1、$JAVA_HOME/bin/java

2、org.apache.hadoop.mapreduce.v2.app.MRAppMaster

3、-Djava.io.tmpdir=容器的临时目录

4、-Xmx1024m

5、-Xmx1024m

-6、agentlib:hprof=cpu=samples,heap=sites,force=n,thread=y,verbose=n,file=<LOG_DIR>/profile.out

7、1><LOG_DIR>/stdout

8、2><LOG_DIR>/stderr

1.3、submitJob

上面已经构建好了ApplicationSubmissionContext,下面可以提交了

java 复制代码
public JobStatus submitJob(JobID jobId, String jobSubmitDir, Credentials ts)
  throws IOException, InterruptedException {
   
    //......省略......

    ApplicationSubmissionContext appContext =
      createApplicationSubmissionContext(conf, jobSubmitDir, ts);

    //向ResourceManager提交ApplicationSubmissionContext 
      ApplicationId applicationId =
          resMgrDelegate.submitApplication(appContext);

    //......省略......

  }

2、YarnClient

resMgrDelegate是YarnClient的子类,最终也是通过调用YarnClient.submitApplication()提交到Yarn

该方法注释如下:

向YARN提交新申请,这是一个阻塞调用-在提交的应用程序成功提交并被ResourceManager接受之前,它不会返回ApplicationId。

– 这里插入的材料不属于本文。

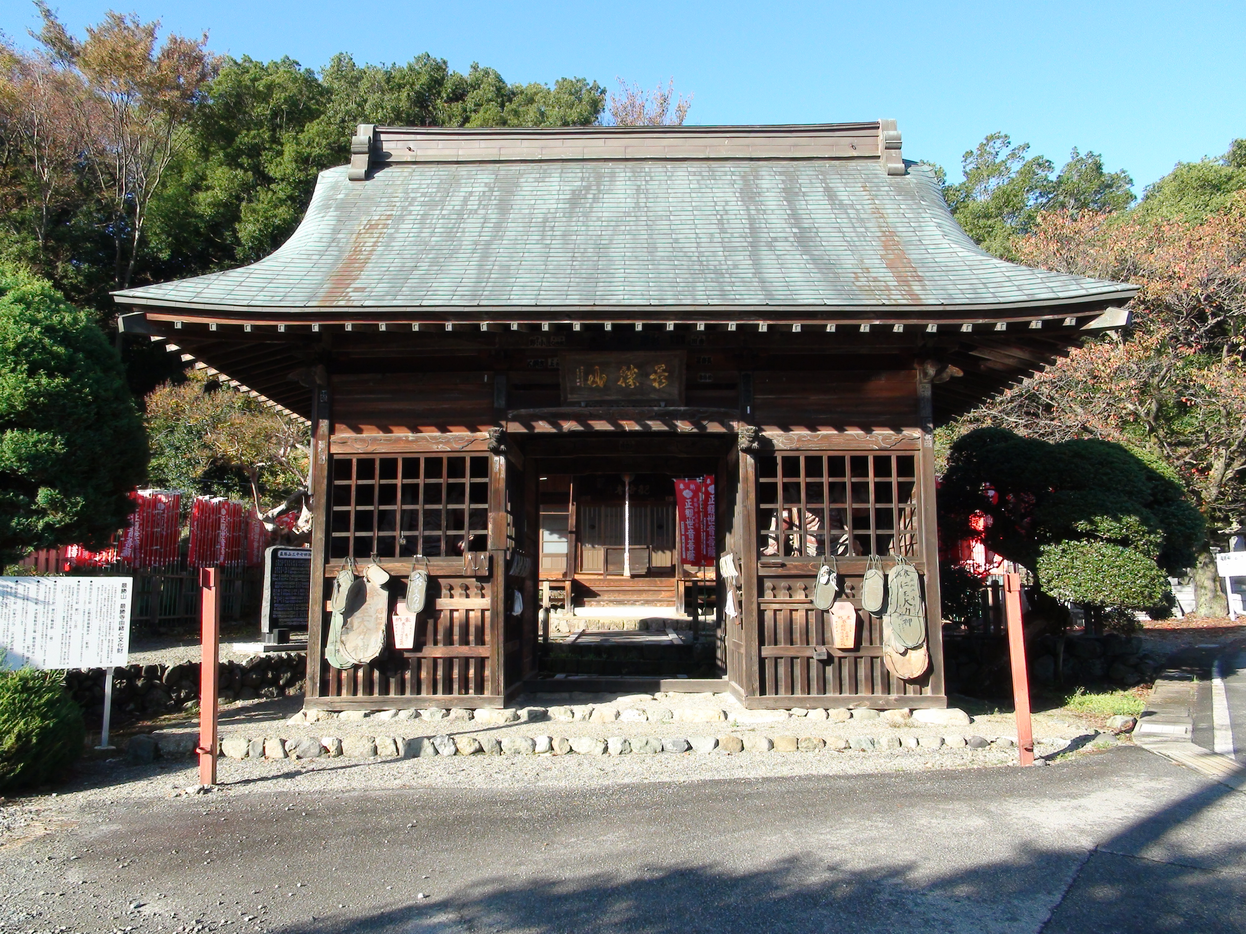 Saishoji Deva gate Fujikawa Yamanashi

用户在提交新应用程序时应提供ApplicationId作为参数ApplicationSubmissionContext的一部分,否则将引发ApplicationIdNotProvideredException。

这在内部调用ApplicationClientProtocol.submitApplication(SubmitApplicationRequest),之后,它在内部调用ApplicationClientProtocol.getApplicationReport(GetApplicationReportRequest)并等待,直到它可以确保应用程序正确提交为止。如果在ResourceManager保存应用程序的状态之前RM发生故障转移或RM重新启动,ApplicationClientProtocol.getApplicationReport(GetApplicationReportRequest)将抛出ApplicationNotFoundException。当此API捕获到ApplicationNotFoundException时,它会自动重新提交具有相同ApplicationSubmissionContext的应用程序。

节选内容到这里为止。